A distributed data store can provide at most two out of three guarantees simultaneously: Consistency, Availability, and Partition Tolerance.

Consistency (C)
/ \
/ \
/ CP \
/ systems\
/ CA \
/ systems \
/ (only works \
/ without network \
/ partitions) \
/─────────────────────\
/ \
/ AP systems \
▼─────────────────────────▶▼
Availability (A) Partition Tolerance (P)

The Three Guarantees Defined

Consistency (C): Every read receives the most recent write or an error. All nodes see the same data at the same time. This is linearizable consistency — the strongest form.

Availability (A): Every request (read or write) receives a non-error response, without guarantee that it contains the most recent write. Every non-failing node must return a response.

Partition Tolerance (P): The system continues to operate despite arbitrary message loss or failure of part of the network. A network partition splits nodes into groups that cannot communicate with each other.

Why You Must Choose P

In any real distributed system, network partitions are inevitable. Hardware fails, cables are cut, and cloud providers have outages. Since you cannot prevent partitions, you must tolerate them. This means the real choice is between CP and AP:

Network Partition Occurs:
┌─────────────────┐ X ┌─────────────────┐
│ Node A │ ──── BROKEN ───── │ Node B │
│ (has latest │ CONNECTION │ (has stale │
│ write) │ │ data) │
└─────────────────┘ └─────────────────┘
CP Choice: AP Choice:
Node B returns ERROR Node B returns STALE DATA
(consistent but unavailable) (available but inconsistent)

CP vs AP Systems

CP Systems: Consistency over Availability

When a partition occurs, CP systems will refuse to serve requests that might return stale data. They prefer to return an error rather than an inconsistent result.
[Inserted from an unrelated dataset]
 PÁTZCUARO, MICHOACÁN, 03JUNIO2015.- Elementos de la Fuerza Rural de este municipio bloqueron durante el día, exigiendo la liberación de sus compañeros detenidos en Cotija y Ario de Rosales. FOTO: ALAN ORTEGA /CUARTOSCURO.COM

Behavior during partition:

  • Writes may be rejected if the system cannot confirm they have been replicated
  • Reads may be rejected if the node cannot confirm it has the latest data
  • The system may become completely unavailable for the partitioned segment

Real-world CP examples:

SystemHow It Achieves CP
Google SpannerUses TrueTime (GPS + atomic clocks) for global strong consistency; may reject operations during partitions
HBaseSingle leader per region; if leader is partitioned, region becomes unavailable
MongoDB (default)Single primary per replica set; reads from primary are consistent; if primary is partitioned, writes halt
ZooKeeperQuorum-based reads and writes; minority partition cannot serve requests
etcdRaft consensus; requires majority quorum to operate

AP Systems: Availability over Consistency

When a partition occurs, AP systems continue to serve all requests, but some responses may return stale or conflicting data.
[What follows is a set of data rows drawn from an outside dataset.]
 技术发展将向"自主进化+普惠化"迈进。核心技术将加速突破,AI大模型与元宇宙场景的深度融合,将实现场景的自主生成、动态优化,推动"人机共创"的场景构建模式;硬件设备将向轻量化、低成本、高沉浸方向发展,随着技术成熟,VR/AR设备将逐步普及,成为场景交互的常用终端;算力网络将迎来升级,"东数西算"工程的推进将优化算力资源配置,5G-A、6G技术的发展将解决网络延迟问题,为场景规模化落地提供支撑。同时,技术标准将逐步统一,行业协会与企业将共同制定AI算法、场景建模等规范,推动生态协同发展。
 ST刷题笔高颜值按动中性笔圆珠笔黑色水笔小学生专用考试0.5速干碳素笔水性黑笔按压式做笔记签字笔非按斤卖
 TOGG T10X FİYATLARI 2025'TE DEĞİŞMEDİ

Behavior during partition:

  • All nodes continue accepting reads and writes
  • Different nodes may have different views of the data
  • Conflicts are resolved after the partition heals (using techniques like vector clocks, last-write-wins, or CRDTs)

Real-world AP examples:

SystemHow It Achieves AP
DynamoDBConfigurable consistency; eventual consistency by default; all nodes serve requests
CassandraTunable consistency; can operate with ONE consistency for maximum availability
CouchDBMulti-master replication with conflict detection and resolution
RiakMasterless design using vector clocks for conflict resolution
DNSHeavily cached, eventually consistent; always returns a result

CA Systems: A Theoretical Category

A CA system would provide consistency and availability but not tolerate partitions. This is only possible in a non-distributed system (a single node) or a network that never has partitions (which does not exist in practice).
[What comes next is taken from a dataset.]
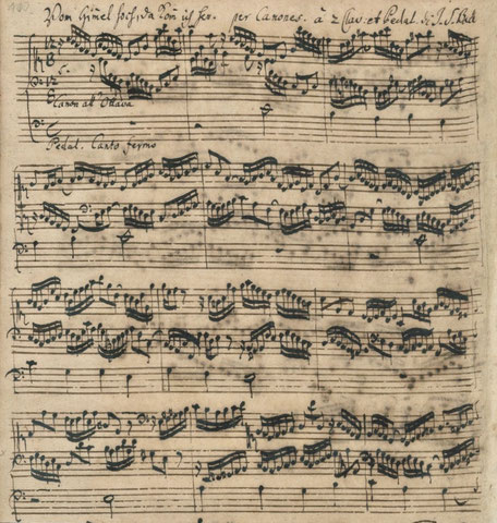 The Leipzig Chorales are contained in a manuscript that also includes the Six Trio Sonatas BWV 525-530, the Canonical Variations BWV 769a and the chorale Wenn wir in höchsten Nöten sein / Vor deinen Thron tret ich hiermit BWV 668 (which was later added to the first 17 chorales). They fall between these two approaches: created in the Weimar years alongside the Orgelbüchlein BWV 599-644 (an open collection of chorales in concise versions), Bach reworked this vast collection in the form of ‘various Preludes and Chorale Fantasies’, i.e. the most beautiful accomplishments , rather a collection than a cycle in that there is no obvious logical order, in contrast to Clavier-Übung III.

Examples often cited as CA:

  • Single-node relational databases (PostgreSQL, MySQL on one machine)
  • These are not truly distributed, so CAP does not really apply

The PACELC Theorem

The CAP theorem only describes behavior during partitions, but what about normal operation? The PACELC theorem (proposed by Daniel Abadi in 2010) extends CAP:

If there is a Partition, choose between Availability and Consistency. Else (normal operation), choose between Latency and Consistency.

Is there a partition?
┌─────────┼─────────┐
│ YES │ NO
│ │
Choose: A or C? Choose: L or C?
│ │
┌──────┴──────┐ ┌──────┴──────┐
│ PA │ PC │ EL │ EC
│(Available) │ │(Low Latency)│(Consistent)
└─────────────┘ └─────────────┘

PACELC Classifications of Real Systems

SystemPartition (P)Else (E)ClassificationNotes
DynamoDBPAELPA/ELFavors availability and low latency
CassandraPAELPA/ELTunable, but default behavior
SpannerPCECPC/ECGlobal strong consistency at all times
MongoDBPCECPC/ECSingle primary model
PNUTS (Yahoo)PCELPC/ELTimeline consistency for low latency
Cosmos DBPAELPA/ELWith eventual consistency setting
VoltDBPCECPC/ECSynchronous replication

Consistency Models Spectrum

Consistency models define the contract between a distributed data store and its clients regarding what values reads can return. These models form a spectrum from strongest to weakest:

Strongest Weakest
│ │
▼ ▼
┌──────────┬──────────┬──────────┬───────────┬─────────────┐
│ Linear- │ Sequen- │ Causal │ Read-your │ Eventual │
│ izable │ tial │ │ -writes │ │
└──────────┴──────────┴──────────┴───────────┴─────────────┘
Easier Easier
to reason to scale
about and deploy

Linearizability (Strongest)

Linearizability (also called “atomic consistency” or “strong consistency”) means that all operations appear to execute instantaneously at some point between their invocation and completion, and this order is consistent with the real-time ordering.

Properties:

  • Once a write completes, all subsequent reads see it
  • Operations appear to happen in a single, total order
  • This order respects real-time: if operation A completes before operation B begins, A appears before B
Timeline:
Client 1: ──[Write x=1]──────────────────────────▶
Client 2: ────────[Read x]─── returns 1 ────▶
Client 3: ──────[Read x]── returns 1 ──▶
After the write of x=1 completes, ALL reads must return 1.
No client can ever see the old value again.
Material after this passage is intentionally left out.